WHAT TO WORK ON:
The material below holds pictures, which are to be left out; copy exactly the lines from the one with "За 20. најчести" through the one with "Por primera vez".

INFORMATION PROVIDED:
Content starts

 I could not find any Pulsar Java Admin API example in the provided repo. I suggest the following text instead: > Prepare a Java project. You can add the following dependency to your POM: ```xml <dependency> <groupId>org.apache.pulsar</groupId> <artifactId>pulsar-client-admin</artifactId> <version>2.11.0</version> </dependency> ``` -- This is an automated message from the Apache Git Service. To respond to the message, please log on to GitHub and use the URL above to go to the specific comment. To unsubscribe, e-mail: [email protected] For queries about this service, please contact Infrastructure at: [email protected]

Content ends
Content starts

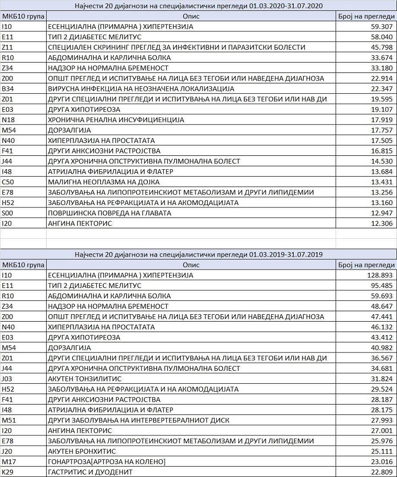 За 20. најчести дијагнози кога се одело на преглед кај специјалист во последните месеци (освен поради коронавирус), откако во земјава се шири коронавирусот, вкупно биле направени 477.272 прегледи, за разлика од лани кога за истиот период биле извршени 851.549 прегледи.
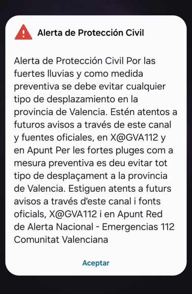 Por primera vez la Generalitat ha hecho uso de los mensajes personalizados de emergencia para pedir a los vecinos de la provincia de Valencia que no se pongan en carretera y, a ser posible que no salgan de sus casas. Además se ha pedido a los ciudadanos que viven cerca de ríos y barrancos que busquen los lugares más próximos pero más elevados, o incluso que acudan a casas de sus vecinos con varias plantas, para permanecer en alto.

Content ends

TASK RESULT:
 За 20. најчести дијагнози кога се одело на преглед кај специјалист во последните месеци (освен поради коронавирус), откако во земјава се шири коронавирусот, вкупно биле направени 477.272 прегледи, за разлика од лани кога за истиот период биле извршени 851.549 прегледи.
 Por primera vez la Generalitat ha hecho uso de los mensajes personalizados de emergencia para pedir a los vecinos de la provincia de Valencia que no se pongan en carretera y, a ser posible que no salgan de sus casas. Además se ha pedido a los ciudadanos que viven cerca de ríos y barrancos que busquen los lugares más próximos pero más elevados, o incluso que acudan a casas de sus vecinos con varias plantas, para permanecer en alto.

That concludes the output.